In the Discourse software, you can enclose text in three backtick characters on their own lines:
```json
your copied code or string
```
And then receive a code fence presentation of the original text without alteration except for syntax highlighting:
{
"name": "contact_agent",
"description": "Communicate with recipient (sub-agent) by sending a message.",
"strict": true,
"parameters": {
"properties": {
"recipient": {
"description": "The recipient of the message.",
"title": "Recipient",
"type": "string"
},
"content": {
"description": "The message to send to recipient.",
"title": "Content",
"type": "string"
}
},
"required": [
"recipient",
"content"
],
"title": "contact_agent_args",
"type": "object",
"additionalProperties": false
}
}
The suggestion I would have is that in a developer-provided function, you avoid the use of “recipient”, as that is already an internal name. Then that the function be wholly described within in description fields, saying what it will do and what it is good for, when it shall be called, and what action will result and what will be returned. This one tells the AI nothing.

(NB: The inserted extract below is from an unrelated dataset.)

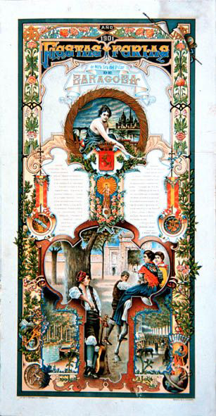 El segundo cartel del que no conocemos el original –que sí presentó esta vez al concurso convocado con motivo de las fiestas del Pilar de 1904–, no ganó el premio pero fue uno de los que se utilizaron para la impresión de varias tarjetas relativas a las fiestas usando los considerados como recomendados; del de Lafuente existe algún ejemplar en el que se sigue apreciando ese juego de encender una vela a lo clásico y otra a la modernidad como ha señalado en alguna ocasión el doctor Manuel García Guatas.
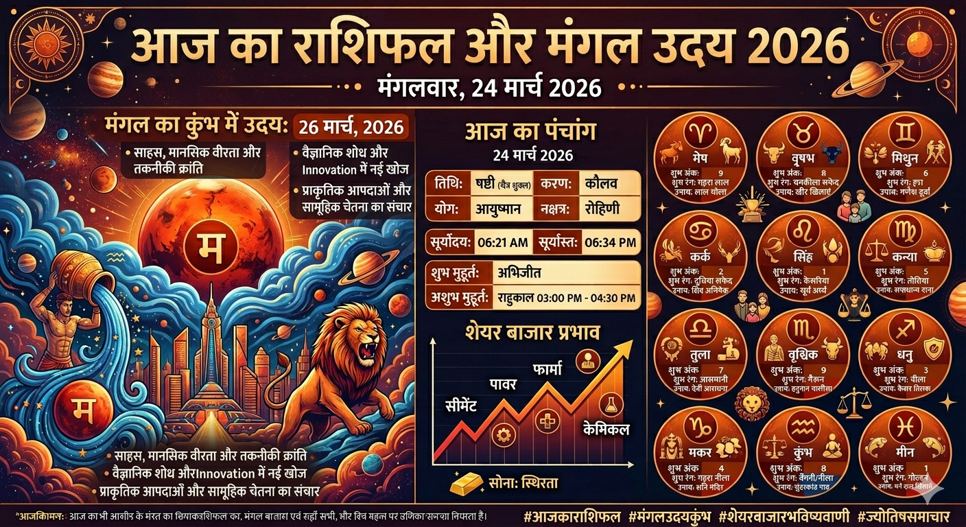 आज का पंचांग और राशिफल 24 मार्च 2026: मंगल का कुंभ में उदय और विशेष ज्योतिषीय गणना दैनिक महा-राशिफल एवं…

Then eliminate field like “title” that do not match the tool name itself.
Also, do not refer to “preamble” in any prompting. In your main tool description field, if you want announcement first, simply indicate, “the user must be informed of your intention to invoke this function tool method before you then automatically send to it in the same response”.
See if the AI model calls tools properly when they describe their usefulness fully in a self-contained manner that is not otherwise referred to in prompting.